Or did you think those organic bananas you can buy in Illinois in February came from somewhere close by?
It's a good thing no one who partakes of the niche, boutique ideology of libertarianism ever claims moral superiority for having done so.
I should add, I guess, that lots of organic food (e.g. cereal) is separately labeled as being preservative-free. But keep in mind that this still doesn't include salt -- or being dried, sugared, etc., which are nothing more than preservation methods (dating back thousands of years) with taste components so we don't always think of them as preservatives.
Ventifact,
If there wasn't so much hostility to organic foods among libertarians, they might notice that the private sector has done an excellent job of creating reliable, understood certification groups, whose icons are used on organic-labeled food in order to address exactly the problem you describe.
Well, we do have this board to argue about libertarianism...

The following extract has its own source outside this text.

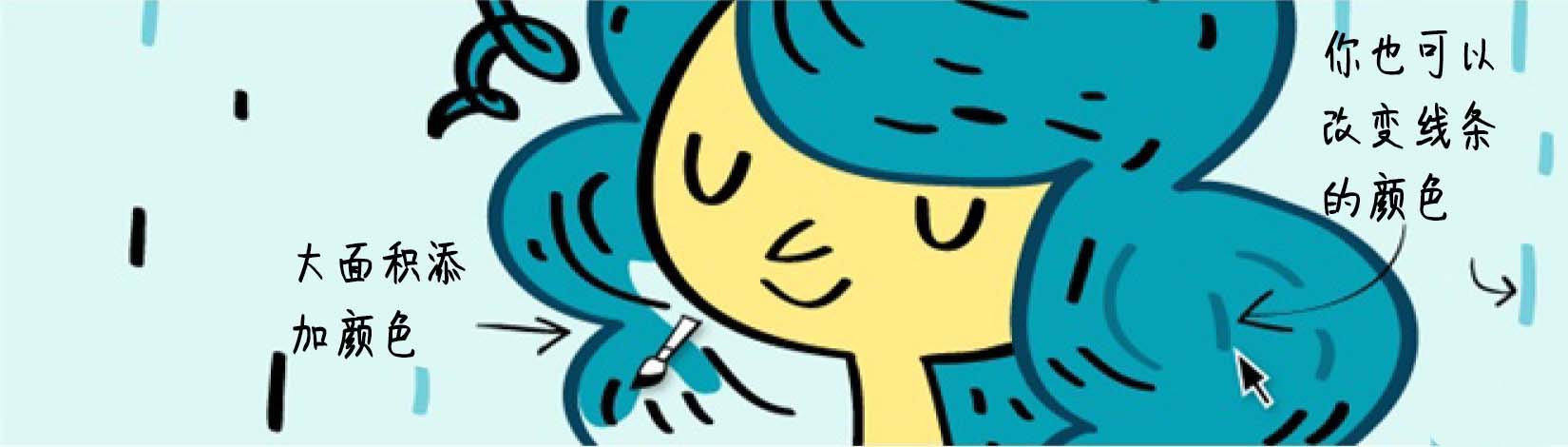 你可以用画笔工具给作品上色,使用不同的笔触会产生不同的肌理效果。或者你也可以用铅笔工具画出形状,进行大范围的平铺上色,这是一种教高效的方法。

I think for me personally, I'm willing to say that some organic products have value (better taste, nutrition, or environmental impact). Pesticide-free cotton, for example, is probably worth paying for. But there is such a relatively small value for most organic stuff and organic enthusiasts are so in love with it, it's hard not to be a little eager to pick that phenomenon apart.
I suppose everything I said still applies to libertarians...
joe,
That's wrong.
Most of what I've said in this thread has been specifically about the fact that most organic enthusiasts misunderstand what the label means. I do recognize that the market has responded, but it is not giving people what they want, it is letting them think they are getting what they want (e.g. local food) without doing any such thing.
Thus libertarians observe that the market has responded to a yuppie desire for moral superiority, not for anything concrete.
I mean, who could fail to realize that bananas probably are not coming from just down the road in the dead of a Midwestern winter?
But, still, I will say that libertarians are HUGELY into moral superiority also. Hmm.
You can't simultaneously make the argument that organic-food buyers are delusionally thinking that their purchases are promoting better agricultural practices AND claim that they are only interested in moral superiority.
The desire is for something concrete. You even acknowledge that yourself, when you imply that people buying products which, you claim, aren't actually produced in a more sustainable manner, are being fooled.
"delusionally"
Thanks for that word. Done.
They don't use any critical thinking or research to evaluate whether what they can observe of the organic industry actually does indicate that it is helping the environment (etc.). Thus they delude themselves that organic stuff is better for the world, because their real goal is moral superiority.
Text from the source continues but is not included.